Aim of the exercise
An exact copy of the lines of the listing below between the "74156915 alte Postkarte" line and the "Contractor Special. Cash" line, both included, is the whole answer; please omit the pictures.

Data extracts
- Opening Delimiter -

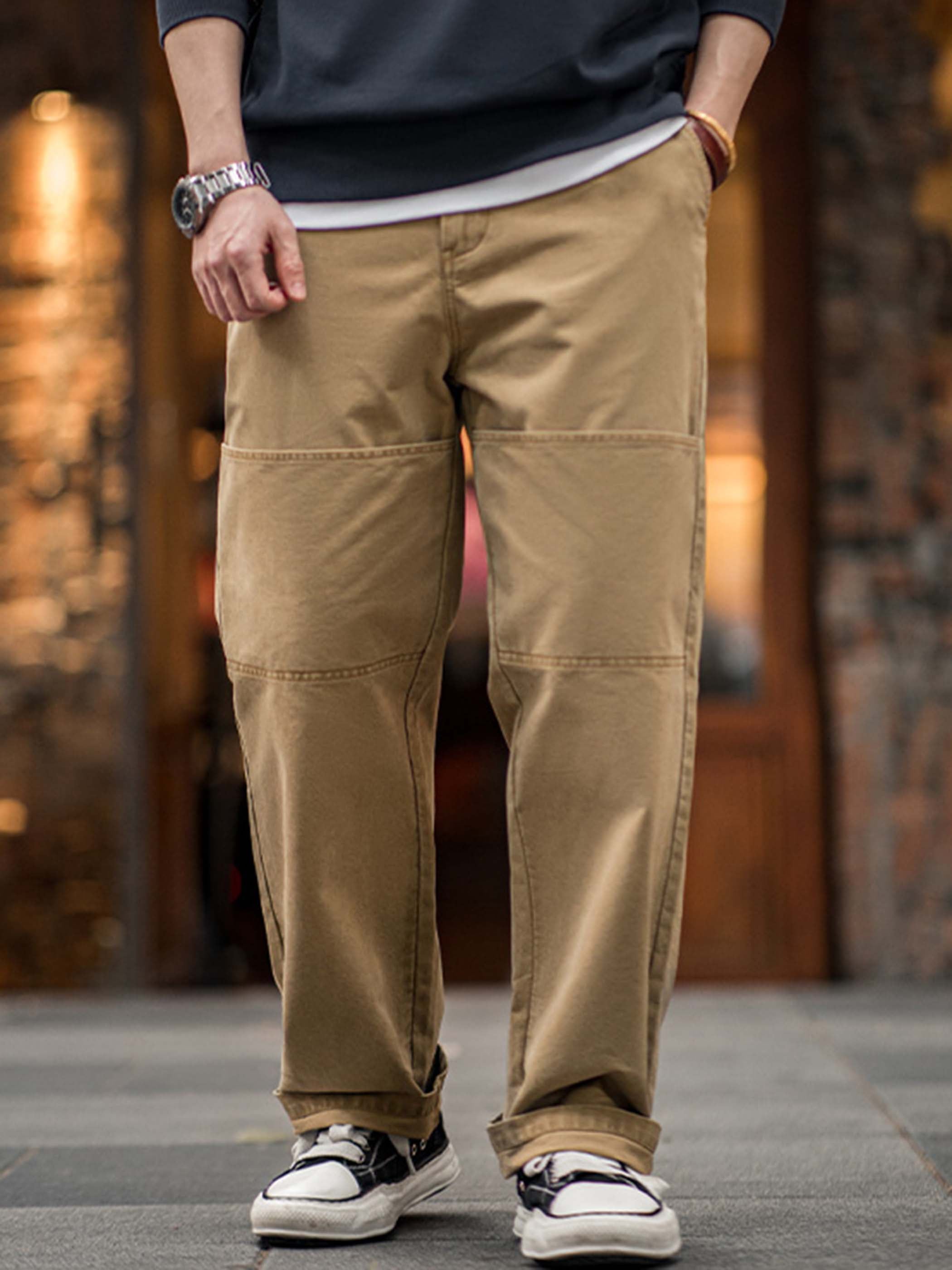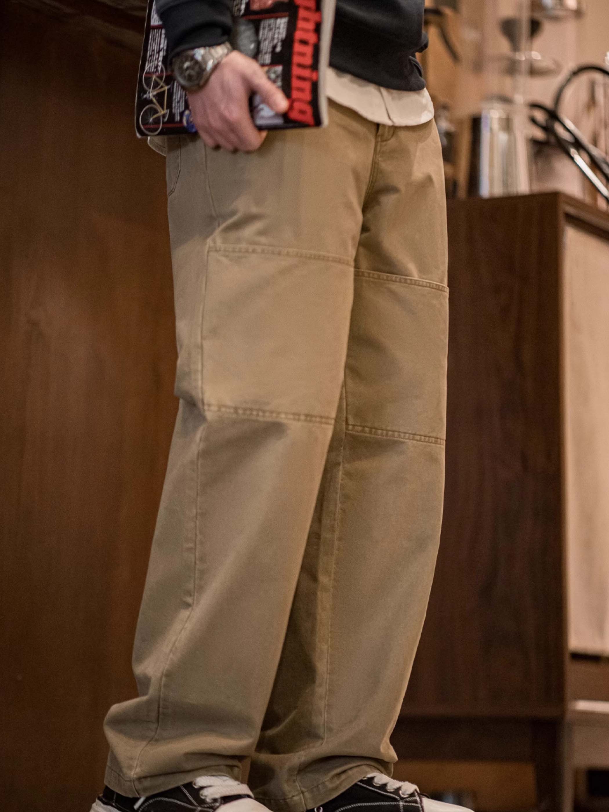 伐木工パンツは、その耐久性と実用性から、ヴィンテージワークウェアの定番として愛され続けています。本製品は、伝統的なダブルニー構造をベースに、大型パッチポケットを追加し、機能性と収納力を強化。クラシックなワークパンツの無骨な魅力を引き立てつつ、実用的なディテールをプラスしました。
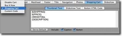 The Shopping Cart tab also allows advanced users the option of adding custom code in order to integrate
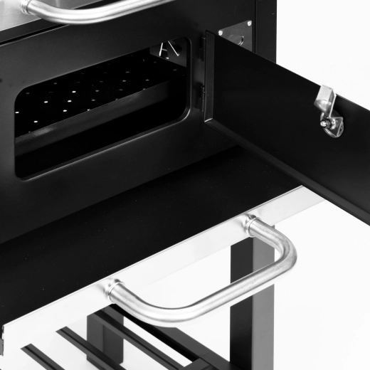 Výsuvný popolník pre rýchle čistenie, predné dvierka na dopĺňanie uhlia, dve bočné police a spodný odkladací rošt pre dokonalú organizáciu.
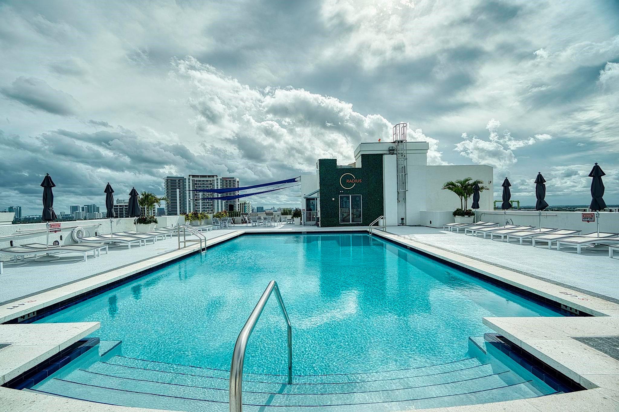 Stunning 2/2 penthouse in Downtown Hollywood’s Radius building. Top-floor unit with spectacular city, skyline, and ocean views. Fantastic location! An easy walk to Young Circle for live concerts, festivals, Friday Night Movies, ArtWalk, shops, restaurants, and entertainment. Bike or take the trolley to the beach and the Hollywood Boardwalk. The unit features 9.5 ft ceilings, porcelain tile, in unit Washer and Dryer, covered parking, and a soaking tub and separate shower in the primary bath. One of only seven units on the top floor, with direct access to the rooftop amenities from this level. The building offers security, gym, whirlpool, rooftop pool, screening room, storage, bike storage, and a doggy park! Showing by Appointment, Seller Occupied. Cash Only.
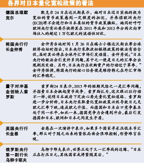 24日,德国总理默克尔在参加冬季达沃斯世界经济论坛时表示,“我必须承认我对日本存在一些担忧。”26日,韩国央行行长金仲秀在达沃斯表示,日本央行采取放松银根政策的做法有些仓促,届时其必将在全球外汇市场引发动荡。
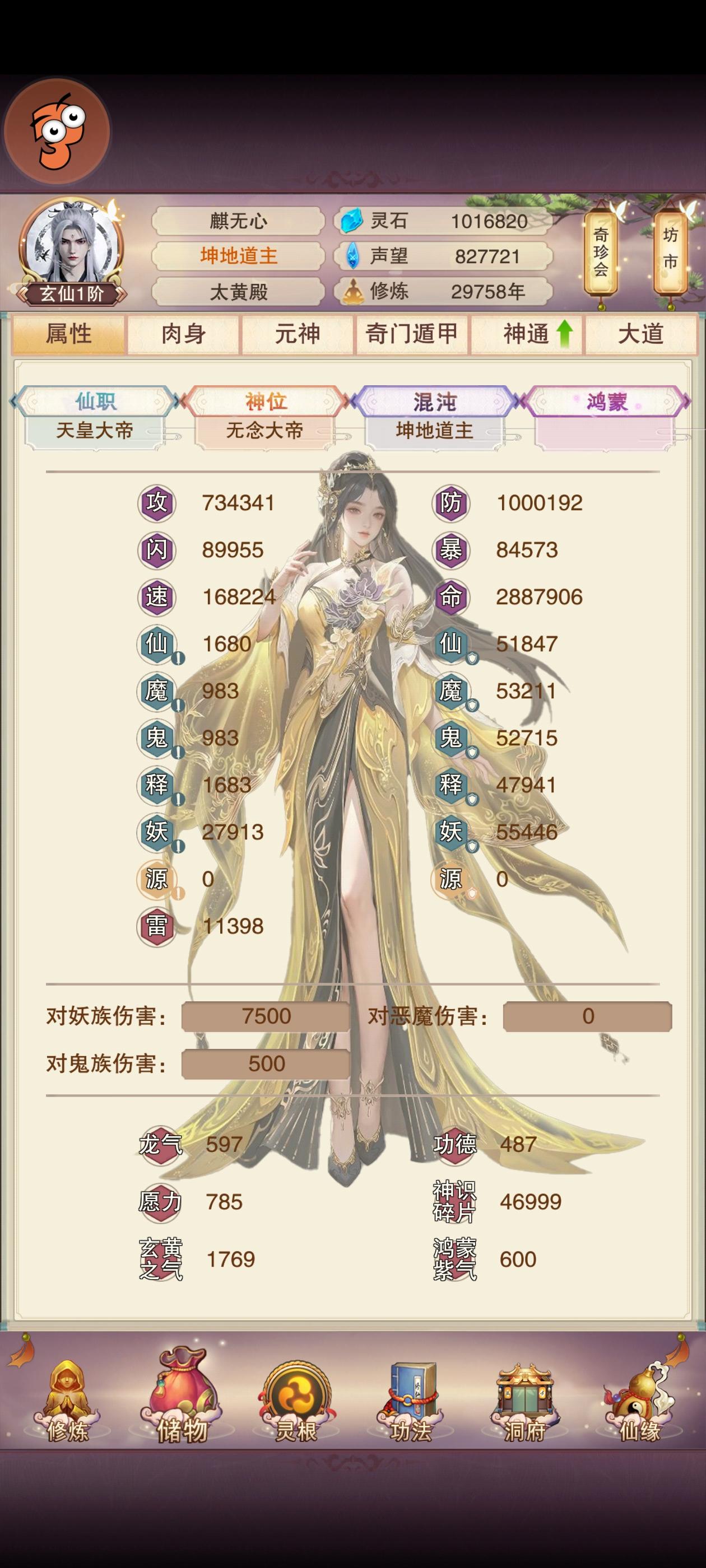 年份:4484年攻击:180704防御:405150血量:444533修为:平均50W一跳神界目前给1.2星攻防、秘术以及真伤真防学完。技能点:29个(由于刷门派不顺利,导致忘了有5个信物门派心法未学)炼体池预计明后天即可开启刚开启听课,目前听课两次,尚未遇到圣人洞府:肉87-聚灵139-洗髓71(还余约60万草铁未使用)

- Closing Delimiter -
- Opening Delimiter -

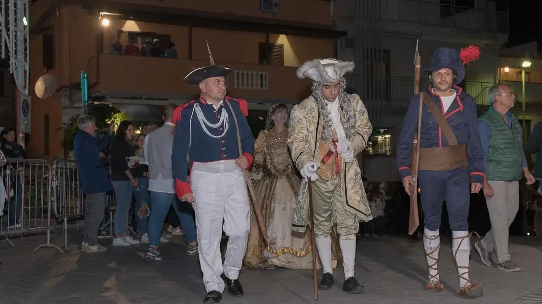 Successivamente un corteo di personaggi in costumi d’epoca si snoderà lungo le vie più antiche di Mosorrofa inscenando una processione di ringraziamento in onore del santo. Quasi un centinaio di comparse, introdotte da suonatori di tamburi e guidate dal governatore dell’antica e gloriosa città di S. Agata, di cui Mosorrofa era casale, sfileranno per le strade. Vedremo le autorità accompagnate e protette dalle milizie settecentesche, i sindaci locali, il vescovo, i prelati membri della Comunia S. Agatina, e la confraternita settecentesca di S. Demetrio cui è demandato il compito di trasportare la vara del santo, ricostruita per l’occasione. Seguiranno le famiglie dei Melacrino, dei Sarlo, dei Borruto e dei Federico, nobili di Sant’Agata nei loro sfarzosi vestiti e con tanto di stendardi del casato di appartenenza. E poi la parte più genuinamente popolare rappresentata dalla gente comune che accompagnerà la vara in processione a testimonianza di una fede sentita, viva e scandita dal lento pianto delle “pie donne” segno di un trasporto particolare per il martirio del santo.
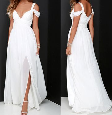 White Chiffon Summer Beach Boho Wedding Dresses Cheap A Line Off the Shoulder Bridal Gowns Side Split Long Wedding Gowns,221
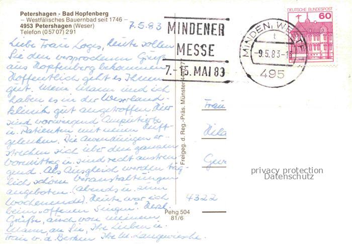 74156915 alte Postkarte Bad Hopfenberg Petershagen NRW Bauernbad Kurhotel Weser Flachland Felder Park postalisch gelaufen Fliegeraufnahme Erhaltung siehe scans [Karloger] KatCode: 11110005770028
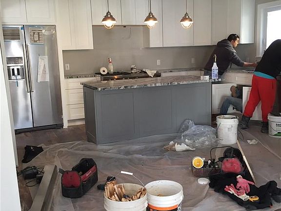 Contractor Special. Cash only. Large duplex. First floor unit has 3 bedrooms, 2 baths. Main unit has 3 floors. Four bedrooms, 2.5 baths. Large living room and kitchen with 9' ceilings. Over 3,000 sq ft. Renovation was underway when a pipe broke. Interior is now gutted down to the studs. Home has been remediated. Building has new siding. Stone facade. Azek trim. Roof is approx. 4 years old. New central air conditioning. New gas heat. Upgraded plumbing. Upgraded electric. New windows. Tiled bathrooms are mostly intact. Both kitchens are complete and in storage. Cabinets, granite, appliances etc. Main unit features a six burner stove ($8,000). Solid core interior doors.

- Closing Delimiter -
- Opening Delimiter -

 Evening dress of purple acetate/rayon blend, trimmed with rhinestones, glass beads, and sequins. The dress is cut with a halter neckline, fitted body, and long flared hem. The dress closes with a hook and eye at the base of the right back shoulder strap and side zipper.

- Closing Delimiter -

Task solution
 74156915 alte Postkarte Bad Hopfenberg Petershagen NRW Bauernbad Kurhotel Weser Flachland Felder Park postalisch gelaufen Fliegeraufnahme Erhaltung siehe scans [Karloger] KatCode: 11110005770028
 Contractor Special. Cash only. Large duplex. First floor unit has 3 bedrooms, 2 baths. Main unit has 3 floors. Four bedrooms, 2.5 baths. Large living room and kitchen with 9' ceilings. Over 3,000 sq ft. Renovation was underway when a pipe broke. Interior is now gutted down to the studs. Home has been remediated. Building has new siding. Stone facade. Azek trim. Roof is approx. 4 years old. New central air conditioning. New gas heat. Upgraded plumbing. Upgraded electric. New windows. Tiled bathrooms are mostly intact. Both kitchens are complete and in storage. Cabinets, granite, appliances etc. Main unit features a six burner stove ($8,000). Solid core interior doors.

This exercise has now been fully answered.